A TRAINEE solicitor has become the first dog owner in East Lancashire to be prosecuted for allowing his pet to roam without an identity tag or collar.

Mujtaba Ilyas, 26, was taken to court after his Japanese Akita was twice caught wandering the streets of Brierfield.

Now other dog owners are being warned they will also be prosecuted if their animals are found without a tag as part of a major clampdown.

And Pendle MP Andrew Stephenson has welcomed the tough action saying it sends a clear message to irresponsible owners.

Reedley Magistrates heard that because Ilyas’s dog had been microchipped, council dog wardens were able to trace ownership back to his Berry Street home.

He was found guilty of two offences of permitting his dog to be in a public place and given a 12-month conditional discharge, with £200 costs and a £30 victim surcharge, after he told the court he had taken steps to ensure it did not happen again.

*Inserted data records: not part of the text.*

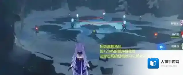 使用冰元素角色,按照下图所示序号的顺序触发机关,击败怪物就可以了。
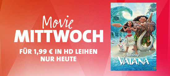 Vor einigen Wochen hat Apple den sogenannten "Movie Mittwoch" ins Leben gerufen. Dabei wird jeden Mittwoch ein ausgewählter Film aus dem iTunes-Sortiment für 24 Stunden zum Sonderpreis von nur € 1,99 in HD-Qualität zum Leihen angeboten. Heute erhält man dabei den großartigen Disney-Animationsfilm Vaiana. Nachdem man den Leih-Film geladen hat, kann er innerhalb von 30 Tagen angeschauen werden. Wie immer bei geliehenen Filmen aus dem iTunes Store gilt: Hat man hiermit einmal begonnen, muss man ihn innerhalb von 48 Stunden beenden.
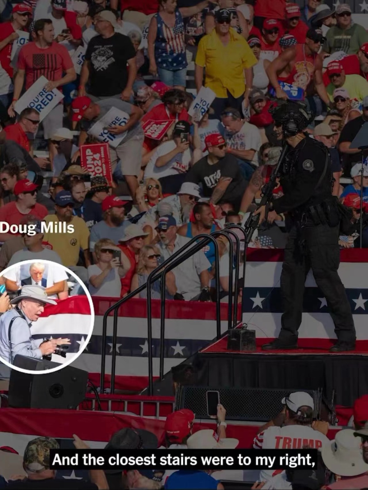 米爾斯稱,他報道總統已有40多年了,一直清楚他們從哪條路上台,從哪條下台。最近的樓梯在他的右邊,所以他跑到那邊親眼目睹特朗普被扶起來,他的第一個反應是「天啊!他還活着!」
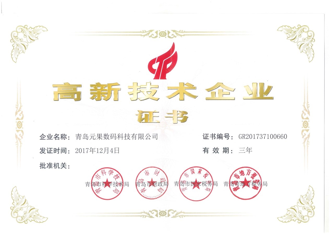 新春伊始,經(jīng)青島市科技局核準、國家科技部備案公示,青島元果數(shù)碼科技有限公司被認定為2017年度高新技術(shù)企業(yè)。這是對青島元果公司技術(shù)創(chuàng)新、管理創(chuàng)新全面、系統(tǒng)的高度評價和認可。
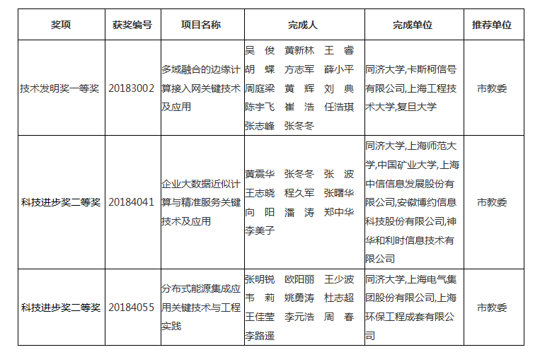 窗体顶端2019年5月15日,2018年度上海市科学技术奖励大会召开。其中,探花直播 吴俊教授领衔的“多域融合的边缘计算接入网关键技术及应用”获得技术发明一等奖,张明锐教授领衔的“分布式能源集成应用关键技术与工程实践”、黄震华研究员领衔的“企业大数据近似计算与精准服务关键技术及应用”获得科技进步二等奖。
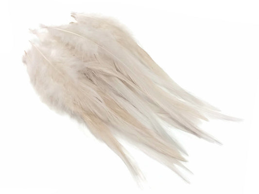 1 Dozen - Short Solid Ivory Whiting Farm Rooster Saddle Hair Extension Feathers
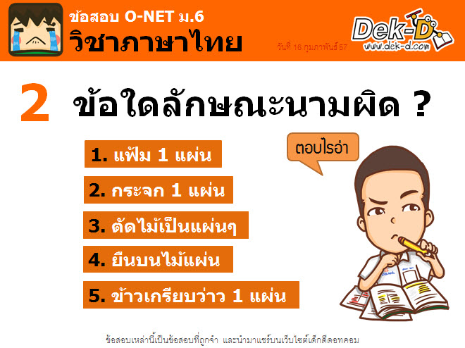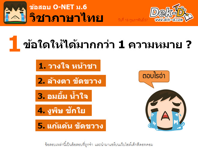 กลับจากสอบ O-NET ม.6 วิชาภาษาไทย (ก.พ.57) กันแล้ว เป็นอย่างไรกันบ้างครับ สติ สตางค์ ความมั่นใจ ยังอยู่ครบไหมเอ่ย.. วันนี้เพื่อเพิ่มความมั่นใจกับคำตอบที่ตอบไป พี่ลาเต้ ขอเปิดพื้นที่แบบกว้างๆ ให้น้องๆ มาคุยและแลกเปลี่ยนกันอย่างเต็มที่
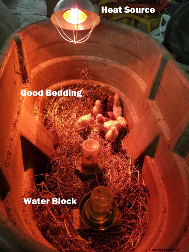 The most important thing about your container is that is draft free. You can use a large cardboard box, a large tote, or a self-made wooden box. Anything that is large and sturdy will work. You want to have enough room for your chicks and a food and water dish. It’s also important to have enough room so the chicks can get away from the heat source if they need to. Personally, I use a retired 100-gallon water tub for my brooder. After a hard freeze created a crack in the bottom it didn’t hold water any more, but it works great as a chick brooder.
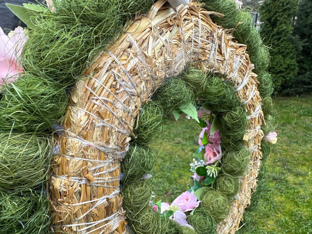 Діаметр вінка становить прибл. 37 см см, вага прибл. 0,6 кг. Солом'яна основа міцна та легка, а більшість прикрас - міцні, штучні елементи, які не відвалюються. При правильному зберіганні (сухий, в ящику) вінком можна буде насолоджуватися багато свят.
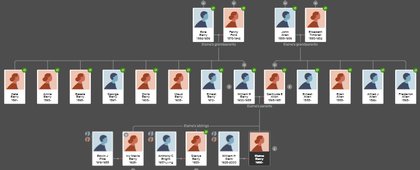 This is the Family Tree that I have fairly quickly compiled on Ancestry. There may be some mistakes but at least everyone can see the family names. Obviously to be sure of everyone you would need confirmation with certificates.
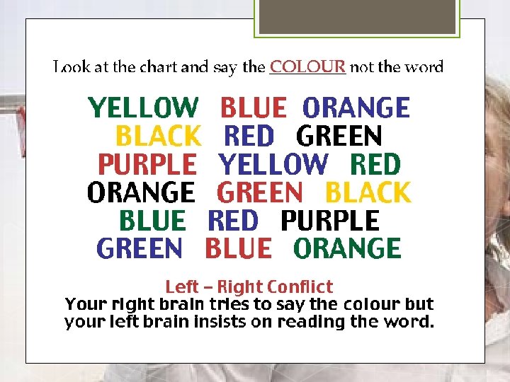 Left Brain Dominance Functions uses logic detail oriented facts “rule” words and language math and science order/pattern awareness object names reality based forms strategies Practical safe
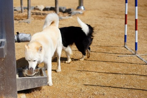 음료 옆에서 만세하고 있는 멍멍이..ㅋㅋ
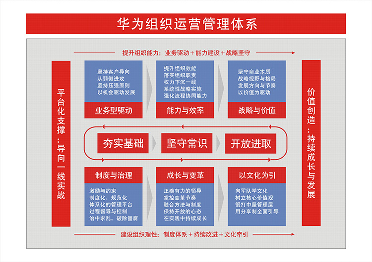 华为经过不懈的尝试、探索和总结,逐渐形成一套组织运营方法论,其有效性已经通过华为的巨大成功得以验证。比如,如何从一线作战倒推组织运营体系建设?如何发挥企业文化的巨大牵引作用?如何通过建立组织理性来提高人的理性?如何从不确定性管理走向确定性管理?等等。
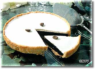 パイ生地にチョコレートを流したら必ず冷凍庫で10分位冷やし固め、ゼリー液を流す前に室温にだして汗をかかせること(これがポイント)。
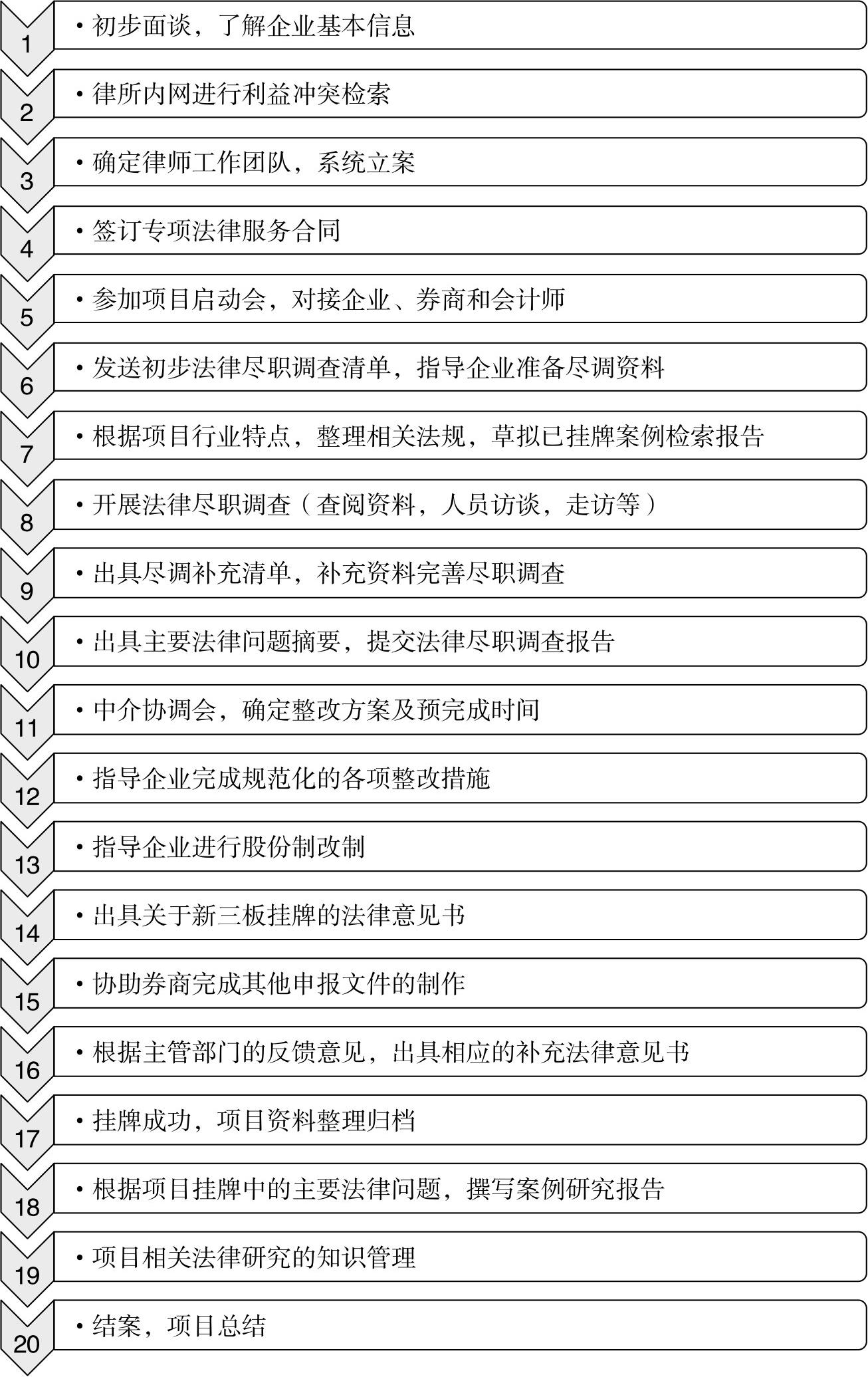 比如,2014—2016年间,我们曾承办了大量中小企业申请新三板挂牌的项目。结合挂牌项目的工作特点,我们将申请新三板挂牌业务绘制为以下流程:

Dog control orders were introduced in Pendle in 2007, toughening up the requirements on dog owners to have the identification measures.

Coun John David, cabinet member for environmental services, said: “Although microchipping is a permanent way of identifying a dog, it is a legal requirement for the dog to wear a tag with its owners’ details when out in a public place.

“I’m pleased that the magistrates agreed with us and saw fit to convict Mr Ilyas.

“I think this demonstrates how seriously the courts take responsible dog ownership.

“It's just common sense to want to tag your dog. That way anyone who finds it can return it to its owner.

“A microchip under the dog’s skin is only a back-up if the tag comes off or the dog is stolen as it allows people like our Dog Wardens to find out where the dog belongs and return it."

Speaking after the case Ilyas said his four-year-old dog Kuma, had escaped on 7 and 11 November from his backyard.

He said: “Obviously I accept responsibility because it’s my dog, but it was a total accident.

“I’m a trainee solicitor and I’m really worried about this conviction.

“I’ve spent four years at university and another doing my legal practice course and it’s cost a lot of money.

“He was found twice in a space of five days. I had a faulty latch on the gate in the backyard and I went to get it fixed straight after collecting him from the pound where the dog warden had kept him the first time. But it is a type of lock that won’t always click shut.

“I showed the bench my receipt for a collar and tag for him. Because he’s such a big dog I had to order one from Pets at Home, which is when he escaped the second time.”Council officials are now planning a series of microchipping events, where the law on dog tagging will be stressed.

Pendle MP Andrew Stephenson said: “We have a real problem in parts of Pendle with irresponsible owners not being in control of their dogs. I welcome this tough action by the council that sends out a clear message on this issue.

“The government is bringing forward proposals to tighten dangerous dogs legislation and hopefully this will give more powers to deal with these concerns.”

Dog control orders are also in force around Burnley but is thought no such prosecutions have yet been forthcoming.

Coun Alyson Barnes, leader of Rossendale Council, said that she supported dog tagging but had misgivings about taking court action.

“Clearly people need to get their dogs tagged so that if they wander off, as they can do, then they can be returned,” she said.

“But I think there are more important issues going on when it comes to prosecuting people for it. I think that’s just daft.”

Animal experts from the RSPCA in East Lancashire insist that dogs must be tagged before they live their Altham centre.

“All dogs must leave the premises with a suitable collar, dog tag and on a lead,” a charity spokesman said.